*About this exercise*. Using the data that follows, give again word for word the lines between the one holding "Während die beiden" and the one holding "피카소의 두 번째 부인이자", inclusive. Omit the pictures.

*Task material*.

▬▬▬

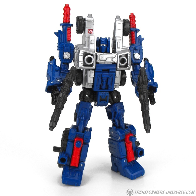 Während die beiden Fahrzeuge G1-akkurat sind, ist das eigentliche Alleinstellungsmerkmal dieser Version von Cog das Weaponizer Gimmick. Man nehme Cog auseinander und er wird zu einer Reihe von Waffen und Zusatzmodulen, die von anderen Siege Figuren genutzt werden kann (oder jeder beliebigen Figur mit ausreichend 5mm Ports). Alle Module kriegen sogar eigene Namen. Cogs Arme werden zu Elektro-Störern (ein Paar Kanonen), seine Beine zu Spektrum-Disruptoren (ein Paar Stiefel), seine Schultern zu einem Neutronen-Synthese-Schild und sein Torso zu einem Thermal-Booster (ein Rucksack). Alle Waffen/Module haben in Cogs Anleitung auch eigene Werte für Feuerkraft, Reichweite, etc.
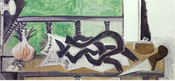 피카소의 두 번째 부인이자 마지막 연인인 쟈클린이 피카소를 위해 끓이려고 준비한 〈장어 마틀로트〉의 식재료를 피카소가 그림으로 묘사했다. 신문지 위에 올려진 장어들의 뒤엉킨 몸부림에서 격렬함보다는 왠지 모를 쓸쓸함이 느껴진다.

▬▬▬

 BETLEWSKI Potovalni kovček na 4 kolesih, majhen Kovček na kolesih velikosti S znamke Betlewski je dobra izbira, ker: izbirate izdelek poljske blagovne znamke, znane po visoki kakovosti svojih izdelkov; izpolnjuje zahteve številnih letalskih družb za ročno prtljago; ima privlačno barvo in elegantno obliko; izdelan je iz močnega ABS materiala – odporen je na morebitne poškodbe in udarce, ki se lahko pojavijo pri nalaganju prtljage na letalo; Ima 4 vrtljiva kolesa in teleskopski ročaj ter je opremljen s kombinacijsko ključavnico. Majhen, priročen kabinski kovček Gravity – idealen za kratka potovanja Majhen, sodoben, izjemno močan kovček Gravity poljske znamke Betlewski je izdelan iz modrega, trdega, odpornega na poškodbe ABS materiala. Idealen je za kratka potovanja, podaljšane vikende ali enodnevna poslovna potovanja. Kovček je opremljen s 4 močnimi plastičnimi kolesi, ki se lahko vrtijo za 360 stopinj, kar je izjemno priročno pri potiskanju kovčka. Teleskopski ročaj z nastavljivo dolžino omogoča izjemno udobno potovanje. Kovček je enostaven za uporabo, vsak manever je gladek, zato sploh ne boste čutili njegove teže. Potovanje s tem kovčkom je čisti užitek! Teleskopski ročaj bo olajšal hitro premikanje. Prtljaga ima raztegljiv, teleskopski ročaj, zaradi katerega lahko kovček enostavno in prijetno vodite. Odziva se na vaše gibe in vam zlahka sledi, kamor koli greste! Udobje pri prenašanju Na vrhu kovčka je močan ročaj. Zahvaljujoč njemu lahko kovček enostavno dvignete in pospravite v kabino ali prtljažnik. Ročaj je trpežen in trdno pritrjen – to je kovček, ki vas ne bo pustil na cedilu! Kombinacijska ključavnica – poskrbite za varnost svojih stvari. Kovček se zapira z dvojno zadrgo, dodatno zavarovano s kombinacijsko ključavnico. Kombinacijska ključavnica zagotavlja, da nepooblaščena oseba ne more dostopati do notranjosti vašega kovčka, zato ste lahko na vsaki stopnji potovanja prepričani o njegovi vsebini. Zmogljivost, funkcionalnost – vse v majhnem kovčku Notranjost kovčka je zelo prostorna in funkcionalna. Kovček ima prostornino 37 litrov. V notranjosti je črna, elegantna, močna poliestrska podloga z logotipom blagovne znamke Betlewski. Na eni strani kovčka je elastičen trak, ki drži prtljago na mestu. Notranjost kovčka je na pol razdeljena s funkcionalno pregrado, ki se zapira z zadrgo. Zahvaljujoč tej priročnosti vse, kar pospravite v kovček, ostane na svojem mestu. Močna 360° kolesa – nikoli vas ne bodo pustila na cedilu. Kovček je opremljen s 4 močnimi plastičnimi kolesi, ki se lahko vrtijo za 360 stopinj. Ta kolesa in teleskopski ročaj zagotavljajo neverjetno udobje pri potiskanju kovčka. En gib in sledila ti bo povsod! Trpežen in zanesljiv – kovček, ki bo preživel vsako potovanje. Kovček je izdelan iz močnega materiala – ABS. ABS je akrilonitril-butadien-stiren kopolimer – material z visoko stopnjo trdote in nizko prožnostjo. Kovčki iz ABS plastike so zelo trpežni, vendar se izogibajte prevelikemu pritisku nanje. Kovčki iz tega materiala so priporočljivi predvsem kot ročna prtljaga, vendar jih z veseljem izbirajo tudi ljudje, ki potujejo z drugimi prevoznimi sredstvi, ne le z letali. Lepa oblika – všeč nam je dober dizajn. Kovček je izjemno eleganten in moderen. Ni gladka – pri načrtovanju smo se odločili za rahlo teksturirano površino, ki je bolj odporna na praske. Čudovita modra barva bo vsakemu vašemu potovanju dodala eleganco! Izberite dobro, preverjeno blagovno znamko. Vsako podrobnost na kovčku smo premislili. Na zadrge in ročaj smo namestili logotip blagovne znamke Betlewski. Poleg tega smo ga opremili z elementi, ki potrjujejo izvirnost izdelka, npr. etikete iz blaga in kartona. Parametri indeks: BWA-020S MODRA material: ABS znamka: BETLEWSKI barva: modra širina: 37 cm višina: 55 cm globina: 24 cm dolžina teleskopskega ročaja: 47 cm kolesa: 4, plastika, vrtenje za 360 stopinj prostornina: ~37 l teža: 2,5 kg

▬▬▬

*Answer*.
 Während die beiden Fahrzeuge G1-akkurat sind, ist das eigentliche Alleinstellungsmerkmal dieser Version von Cog das Weaponizer Gimmick. Man nehme Cog auseinander und er wird zu einer Reihe von Waffen und Zusatzmodulen, die von anderen Siege Figuren genutzt werden kann (oder jeder beliebigen Figur mit ausreichend 5mm Ports). Alle Module kriegen sogar eigene Namen. Cogs Arme werden zu Elektro-Störern (ein Paar Kanonen), seine Beine zu Spektrum-Disruptoren (ein Paar Stiefel), seine Schultern zu einem Neutronen-Synthese-Schild und sein Torso zu einem Thermal-Booster (ein Rucksack). Alle Waffen/Module haben in Cogs Anleitung auch eigene Werte für Feuerkraft, Reichweite, etc.
 피카소의 두 번째 부인이자 마지막 연인인 쟈클린이 피카소를 위해 끓이려고 준비한 〈장어 마틀로트〉의 식재료를 피카소가 그림으로 묘사했다. 신문지 위에 올려진 장어들의 뒤엉킨 몸부림에서 격렬함보다는 왠지 모를 쓸쓸함이 느껴진다.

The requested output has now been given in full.